News Corp. (NWSA:US) Chairman Rupert Murdoch said he doubts a bid by the Chandler family for Tribune Co., the second-largest U.S. newspaper company, will succeed.
``I don't really believe it's going to happen,'' Murdoch said at a McGraw-Hill Cos. media conference in New York today.
Murdoch said yesterday he was interested in joining the Chandlers, who are Tribune's largest shareholders, in an offer that would give the family control of Tribune's 11 newspapers, including the Los Angeles Times and Newsday, based on Long Island, New York.
News Corp.'s interest would be limited to combining the printing and administrative functions of News Corp.'s New York Post with Tribune's Newsday. ``We don't want the whole thing,'' Murdoch said today.
Shares in Tribune, second in newspapers to Gannett Co. (GCI:US), fell 3 cents to $30.92 at 4:03 p.m. in New York Stock Exchange composite trading.

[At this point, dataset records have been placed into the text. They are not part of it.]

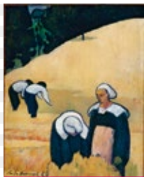
Emile Bernard - Die Weiserernte, 1888. Öl auf Leinwand 50,4 x 43,7 cm - Musée d'Orsay, Paris

In Zusammenarbeit mit der Kunsthalle Bremen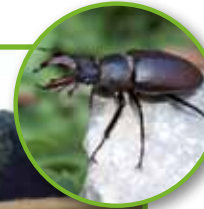
Layout: scriptus-ebrach.de Fotos und Illustrationen: Kathrin Michaelis, fotolia.com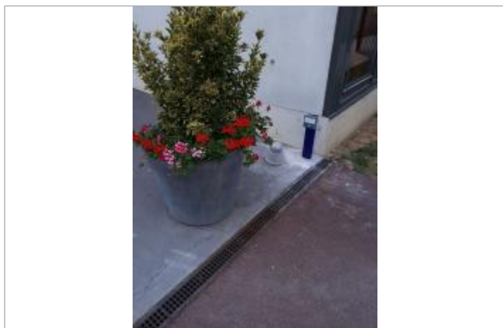
Projet de repère 1910 - Auteur : Artelia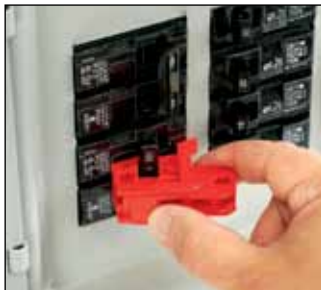
PowerLOK™ lockout-enhet for sikringsautomater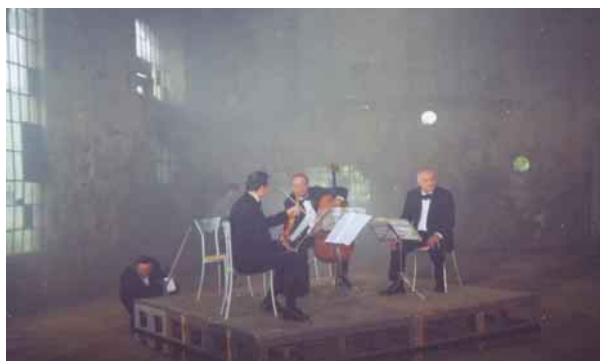
ČT Brno natáčí v Jádrovně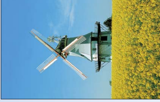
Historische Holzmühle umgeben von gelber Pracht

Information: Infostelle Nordsee-Tourismus-Service GmbH, Tel. 04841/89750, info@nordseetourismus.de , www.nordseekuestenradweg.de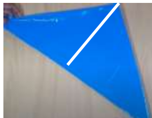
Slika 5 Še 1x prepogni trikotnik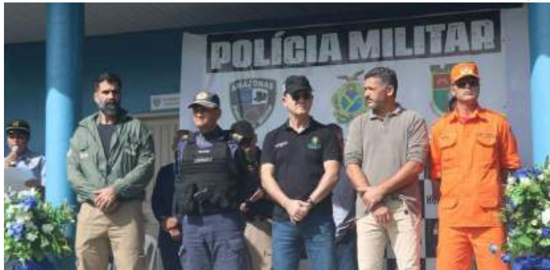
Autoridades de segurança lançam operação em Humaitá

O secretário de Estado do Meio Ambiente (Sema),

The stock has fallen about 9 percent since it put itself up for sale in September.
The Chandlers, who control 20 percent of Tribune through family trusts, offered $7.6 billion for the company. Billionaires Eli Broad and Ron Burkle also made an offer, as well as the Carlyle Group private-equity firm.
``Economics are getting more difficult for newspapers all the time,'' Murdoch said. ``The problem for newspapers is that young readership is going down.''
Class A shares of New York-based News Corp., which owns more than 175 newspapers, a majority of them in Australia, gained 60 cents to $23.94 at 4 p.m. in New York Stock Exchange composite trading. They've gained 51 percent in the past year.